В настоящее время фигура великого медиевиста в едином фокусе собирает ныне целый комплекс насущных вопросов. Главный из них связан с поисками легитимных оснований профессиональной деятельности историка, все более и более независимой, самодостаточной, но также вызывающей сомнение в ее общественной нужности, - то есть с тем кругом проблем, которые стали в свое время темой «Апологии истории». В 1993 г. ее новое дополненное издание Ж. Ле Гофф сопровождал предисловием, которое содержало пожелание: «надо вновь отправляться от этой книги» [12. С. 31]. Сборник «Passes recomposes», подводящий итоги развития исследовательских практик истории за последние двадцать лет и составленный из статей многих авторов, по разным поводам цитирует Блока значительно чаще других [13]. А. Про в книге «Двенадцать уроков по истории», предназначенной студентам - будущему науки, пишет: «До конца 1980-х гг. методологическая рефлексия об истории проходила во Франции как ненужная. Один только Марк Блок со своей «Апологией истории» пытался объяснить ремесло историка» [14. С. 8]. Ж. Нуарьель в своем труде «О кризисе истории», предприняв убедительный анализ интересующих его аспектов «Апологии истории», также апеллирует к Блоку за поддержкой, видя в его теоретических изысканиях возможный путь преодоления атоми-зации исторического знания.

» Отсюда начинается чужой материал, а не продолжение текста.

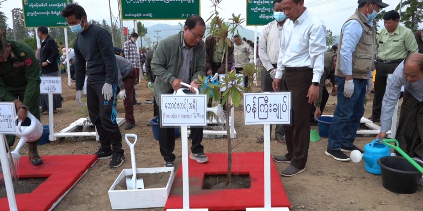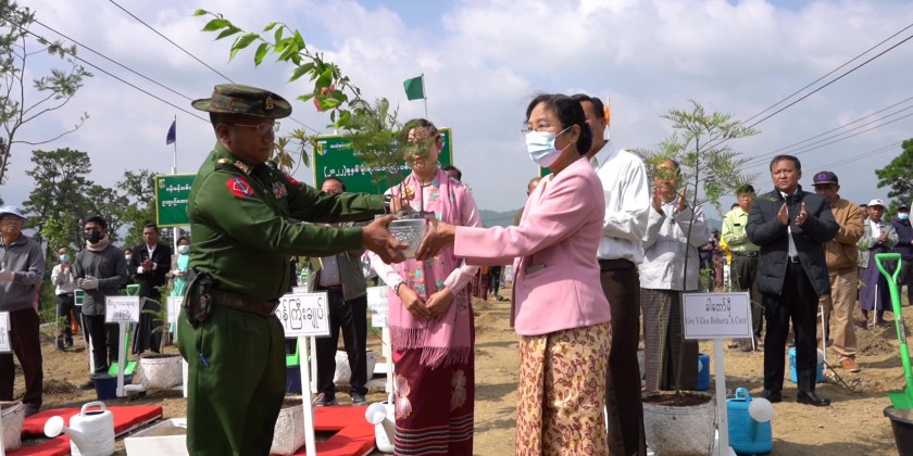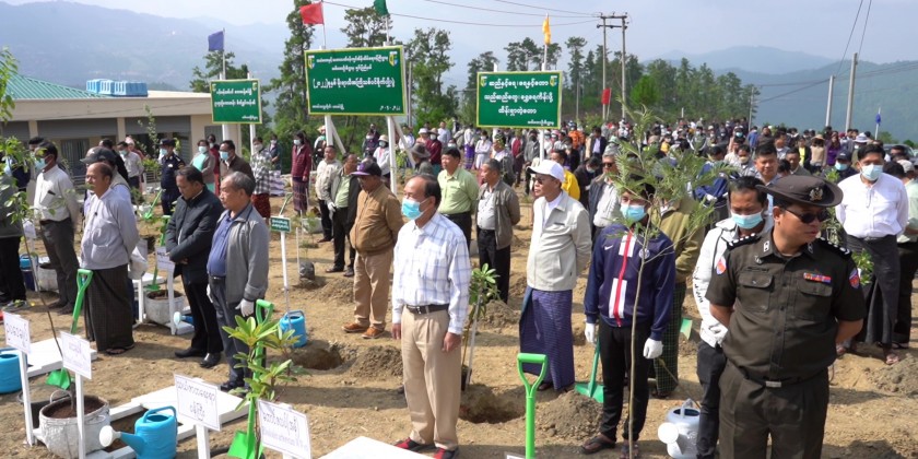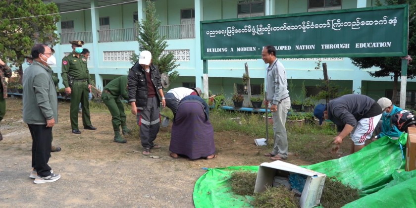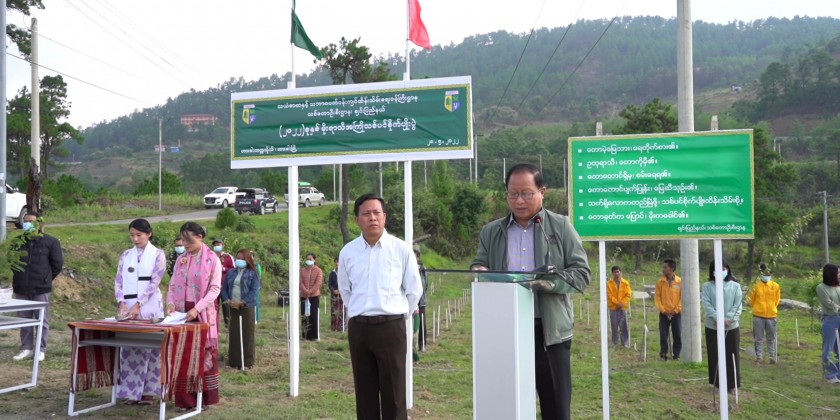 The Chief Minister later attended a tree planting ceremony in the compound of Hakha University. The ceremony was organized by the Chin State Forestry Department as an activity for greening environ in pre-monsoon period. The Chief Minister and the Deputy Commander of Northwest Command planted the saplings together with the attendees.

Все эти книги внушают понимание того, что в первую очередь история должна осознать себя в качестве социальной практики и уже потом рассуждать о себе как о научной дисциплине. Историк должен разобраться в том, что для него наиболее естественно, что он и без предварительного размышления имеет привычку делать в рамках профессиональной группы, ее практик и эволюции. «Существуют группы историков, которые заявляют о себе традициями, создают школы, признают основополагающие правила своего ремесла, соблюдают деонтологию, практикуют ритуалы инкорпорации и исключения» [14. С. 13], и, следовательно, могут подвергаться социологическому анализу. Значительно ранее широко известных работ П. Бурдье, вслед за монографией Макса Вебера [15] и впервые во Франции, эта тема теоретически осмыслялась Марком Блоком в «Апологии истории».

Можно взять за основу современных рассуждений о проблематике «Апологии истории» размышления Ж. Нуа-рьеля. Учитывая трагический социальный контекст, в котором создавалась так и не получившая завершения книга, он объясняет ее появление и причинами сугубо эпистемологического порядка, как ответ на интеллектуальные вызовы начала XX в. в момент первого «кризиса истории».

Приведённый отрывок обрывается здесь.